L’édito de Fabrice Grosfilley : le point de fragilité
Dans son édito de ce jeudi 16 mai, Fabrice Grosfilley revient sur l’impact de l’actualité internationale de ces derniers jours sur l’Union européenne.
Un chef d’État victime d’une attaque par armes à feu en Slovaquie. Un accord de gouvernement aux Pays-Bas. Une extrême droite au plus haut dans les sondages en Flandre, mais aussi en France ou dans d’autres pays de l’Union européenne. Ajoutons la guerre en Ukraine et la crainte d’une extension du conflit.

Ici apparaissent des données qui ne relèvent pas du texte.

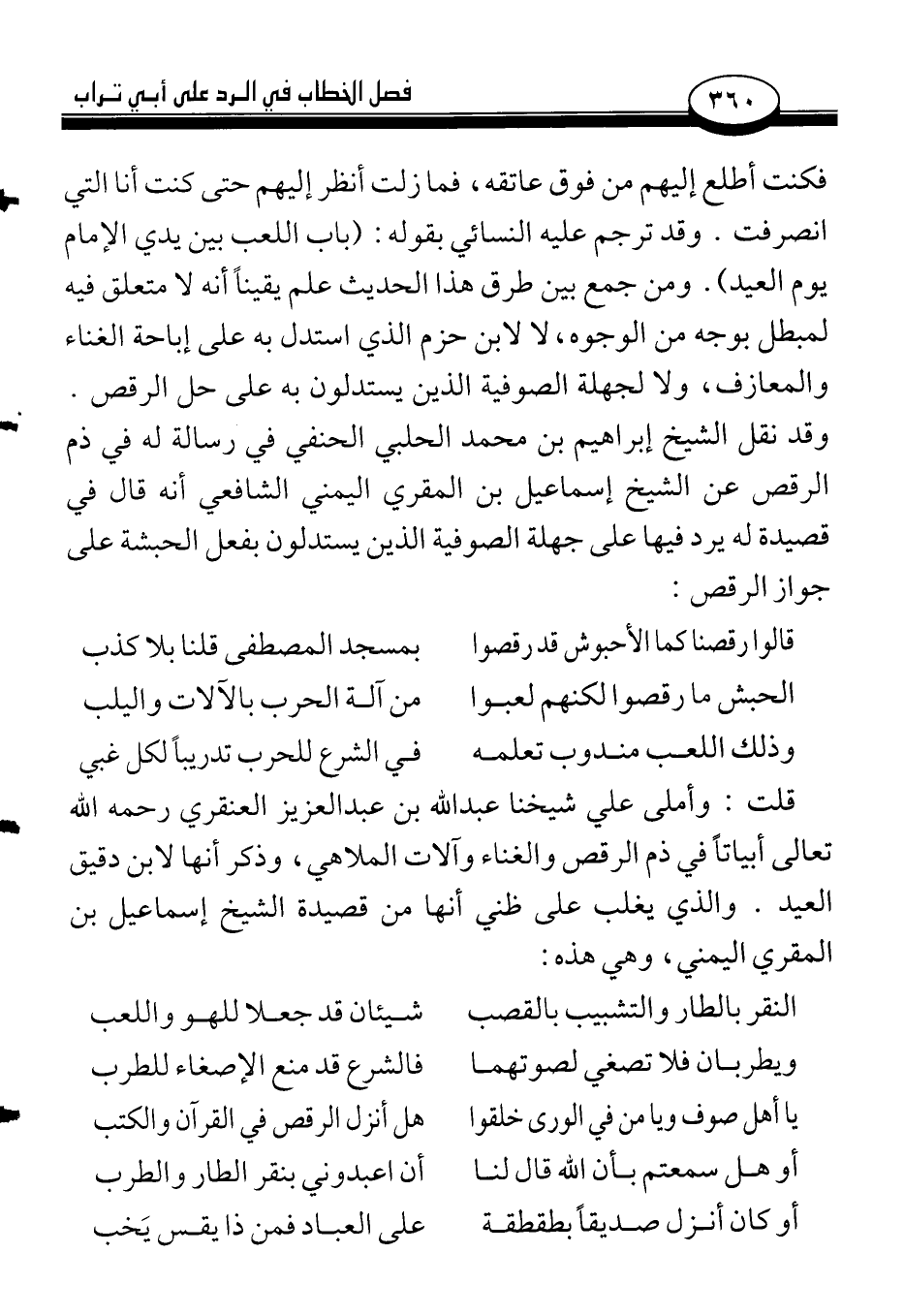 فكنت أطلع عليهم من فوق عاتقه، فما زلت أنظر إليهم حتى كنت أنا التي انصرفت. وقد ترجم عليه النسائي بقوله: (باب اللعب بين يدي الإمام يوم العيد). ومن جمع بين طرق هذا الحديث علم يقيناً أنه لا متعلق فيه لمبطل بوجه من الوجوه، لا لابن حزم الذي استدل به على إباحة الغناء والمعازف، ولا لجهلة الصوفية الذين يستدلون به على حل الرقص. وقد نقل الشيخ إبراهيم بن محمد الحلبي الحنفي في رسالة له في ذم الرقص عن الشيخ إسماعيل بن المقري اليمني الشافعي أنه قال في قصيدة له يرد فيها على جهلة الصوفية الذين يستدلون بفعل الحبشة على جواز الرقص:

On a rarement eu autant que ce matin le sentiment que l‘Union européenne arrivait à un point de bascule. Et que la période de paix, de construction européenne et de croissance économique que nous avons connue depuis 1945 était désormais entrée dans une zone de turbulence ou, au moins, dans une période de fragilité.
Commençons par la Slovaquie. On ne sait pas encore tout de ce qui s’est passé à Handlova dans le centre du pays, mais il est clair que l’attaque visait délibérément le Premier ministre Robert Fico. Le tireur est un écrivain et poète qui ne partageait pas ses idées politiques, mais il ne présentait pas, a priori, le profil d’un apprenti terroriste. Robert Fico a été touché de plusieurs balles et est toujours dans un état grave. Robert Fico, c’est le fondateur d’un parti social-démocrate au départ, mais qui est arrivé au pouvoir à la suite d’une alliance avec les partis nationaux et populistes. Considéré comme sulfureux par certains démocrates, il avait écarté des magistrats qui le gênaient, puis avait aligné sa politique étrangère sur celle de la Hongrie, en se rapprochant de Vladimir Poutine. Il avait notamment promis à ses électeurs la fin de l’aide à l’Ukraine. Depuis hier, les témoignages de soutien en faveur de Robert Fico viennent du monde entier. Bratislava, la capitale de la Slovaquie, est à 976 km de Bruxelles à vol d’oiseau. Cela représente une douzaine d’heures en voiture.
Encore plus proches, les Pays-Bas. En deux heures et demie, vous pouvez être à La Haye, où se trouvent le siège du Gouvernement et du Parlement néerlandais. C’est un trajet que feront sûrement certains journalistes belges ce matin pour assister à la présentation de l’accord de gouvernement conclu hier soir. Quatre formations ont donc fini par trouver un terrain d’entente six mois après les élections : le Parti pour la liberté (PVV) de Geert Wilders, le parti pro-agriculteurs BBB, le parti libéral VVD de l’ancien Premier ministre Mark Rutte et le nouveau parti anti-corruption NSC. On ne sait pas encore qui sera le Premier ministre. Geert Wilders avait annoncé en mars qu’il renonçait à briguer lui-même le poste. Les quatre formations politiques ont annoncé leur intention d’avoir un cabinet composé pour moitié de professionnels de la politique et pour moitié d’experts venus d’autres horizons. Sur la politique à suivre, on aura plus de détails tout à l’heure, mais on s’attend à un durcissement de la politique en matière d’immigration et à des coupes budgétaires pour les services publics.
Si nous avons le regard braqué sur Bratislava et La Haye ce matin, c’est parce que nous nous doutons bien que ces événements pourraient avoir un impact sur ce qui se passera en Belgique le 9 juin. Le fait qu’un chef de gouvernement puisse être victime d’un attentat par balle nous rappelle Sarajevo, l’attentat contre l’archiduc François-Ferdinand qui avait été l’un des déclencheurs de la guerre de 14-18. L’arrivée de l’extrême droite au pouvoir aux Pays-Bas est, elle, de nature à donner des ailes au Vlaams Belang. Peut-être que des électeurs flamands se diront dans les prochains jours que, puisque l’extrême droite est acceptée chez le voisin, il n’y a plus de raison de s’empêcher de voter pour elle aussi à Anvers, Gand, Grimbergen ou Bruxelles. Si pour l’instant aucun parti démocratique n’envisage de gouverner avec l’extrême droite, on ne peut pas assurer que cela n’arrivera jamais. Nous sommes ce matin dans une position d’attente, dans une position d’inquiétude. On regarde donc autour de nous. On porte le regard chez le voisin, ou un peu plus loin. On forme le vœu que cette Europe dont nous hébergeons les institutions à Bruxelles continue de jouer son rôle. Qu’elle nous apporte encore demain la perspective d’un espace où la sécurité, une certaine stabilité, la prospérité et surtout une réelle liberté publique sont des réalités.